• **Prompt**:
Return the data exactly, with all pictures removed.
┄┄┄┄┄┄┄┄┄┄┄┄┄┄┄┄┄┄┄┄
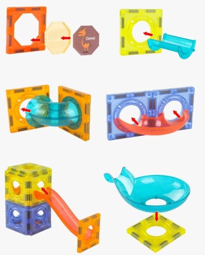 ✅ 110 magnetyczne elementy, zarówno płaskie, jak i trójwymiarowe, wyposażone w magnesy, z których dziecko w łatwy sposób może budować stabilne, rozmaite kompozycje;
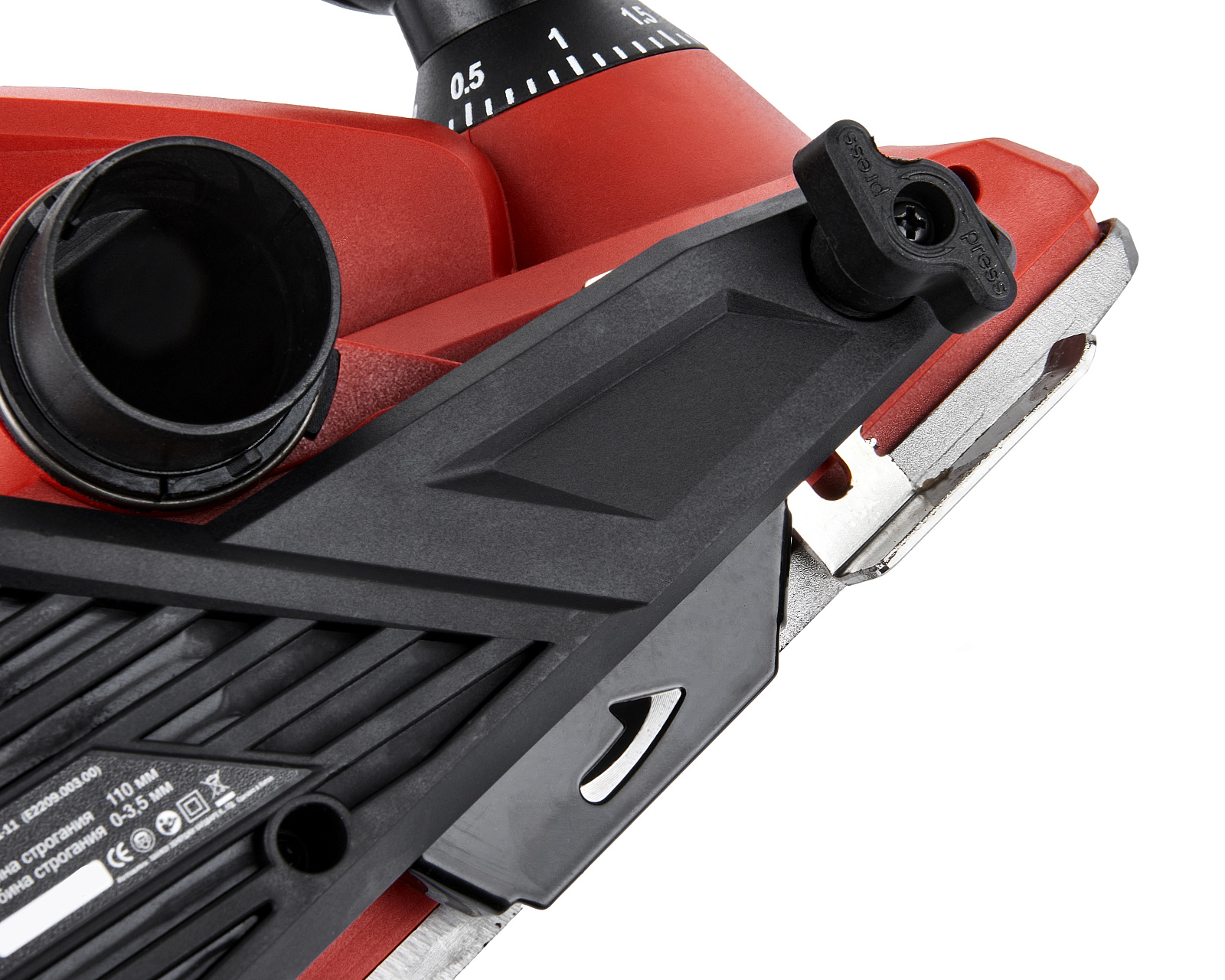 Подключение пылесоса с помощью имеющегося патрубка, обеспечивает сбор стружки или выброс в сторону. Плавная регулировка глубины строгания осуществляется путём поворота опорной ручки. V-обратный паз в подошве обеспечивает лёгкое снятие фасок. Кнопка блокировки от случайного включения делает работу оператора безопасной.
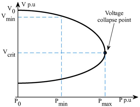 Several studies have addressed this issue using P-V curve analysis (shown in Figure 1), which allows the behavior of the system in a steady state to be evaluated as the load on a specific busbar is progressively increased until a voltage collapse point is reached. This curve establishes the relationship between the real power (P) transferred and the voltage (V) at the receiving node, providing information on the stability margin of the system [34,35].
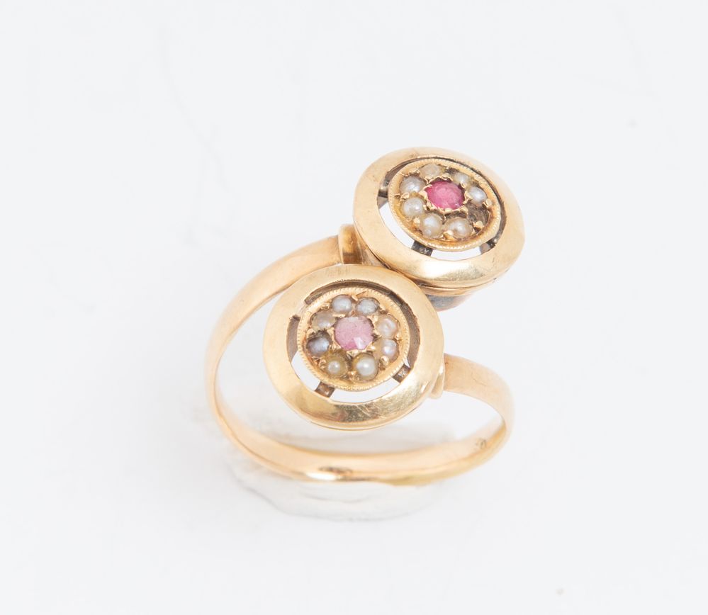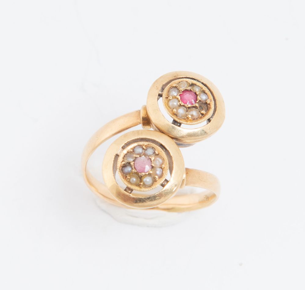 LOTTO DI DUE ANELLI. Ciascuno realizzato come un contrarié con rubini e...
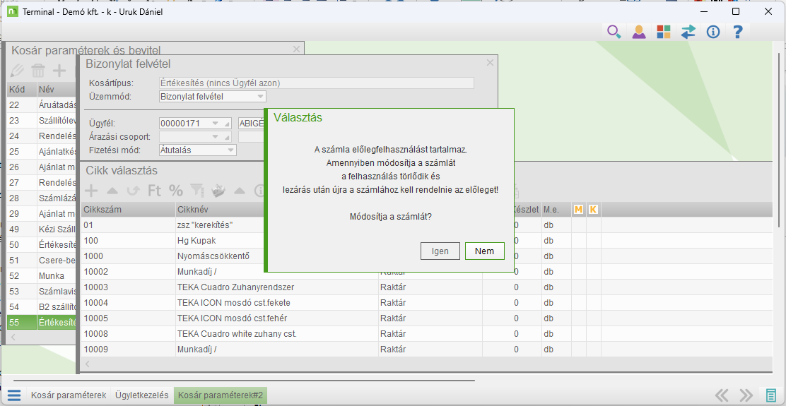 Kosár funkció alkalmas arra, hogy egy számlát úgy módosítson, hogy a kapcsolódó szállítólevelet és rendelést is módosítsa.
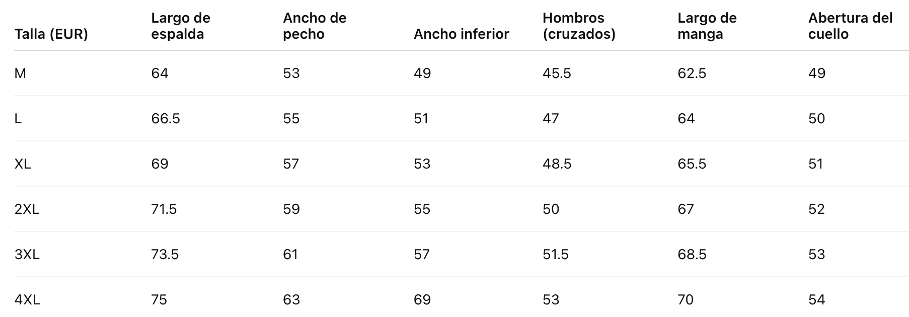 Talla (EUR) Largo de espalda Ancho de pecho Ancho inferior Hombros (cruzados) Largo de manga Abertura del cuello
┄┄┄┄┄┄┄┄┄┄┄┄┄┄┄┄┄┄┄┄
• **Solution to the problem**:
 ✅ 110 magnetyczne elementy, zarówno płaskie, jak i trójwymiarowe, wyposażone w magnesy, z których dziecko w łatwy sposób może budować stabilne, rozmaite kompozycje;
 Подключение пылесоса с помощью имеющегося патрубка, обеспечивает сбор стружки или выброс в сторону. Плавная регулировка глубины строгания осуществляется путём поворота опорной ручки. V-обратный паз в подошве обеспечивает лёгкое снятие фасок. Кнопка блокировки от случайного включения делает работу оператора безопасной.
 Several studies have addressed this issue using P-V curve analysis (shown in Figure 1), which allows the behavior of the system in a steady state to be evaluated as the load on a specific busbar is progressively increased until a voltage collapse point is reached. This curve establishes the relationship between the real power (P) transferred and the voltage (V) at the receiving node, providing information on the stability margin of the system [34,35].
 LOTTO DI DUE ANELLI. Ciascuno realizzato come un contrarié con rubini e...
 Kosár funkció alkalmas arra, hogy egy számlát úgy módosítson, hogy a kapcsolódó szállítólevelet és rendelést is módosítsa.
 Talla (EUR) Largo de espalda Ancho de pecho Ancho inferior Hombros (cruzados) Largo de manga Abertura del cuello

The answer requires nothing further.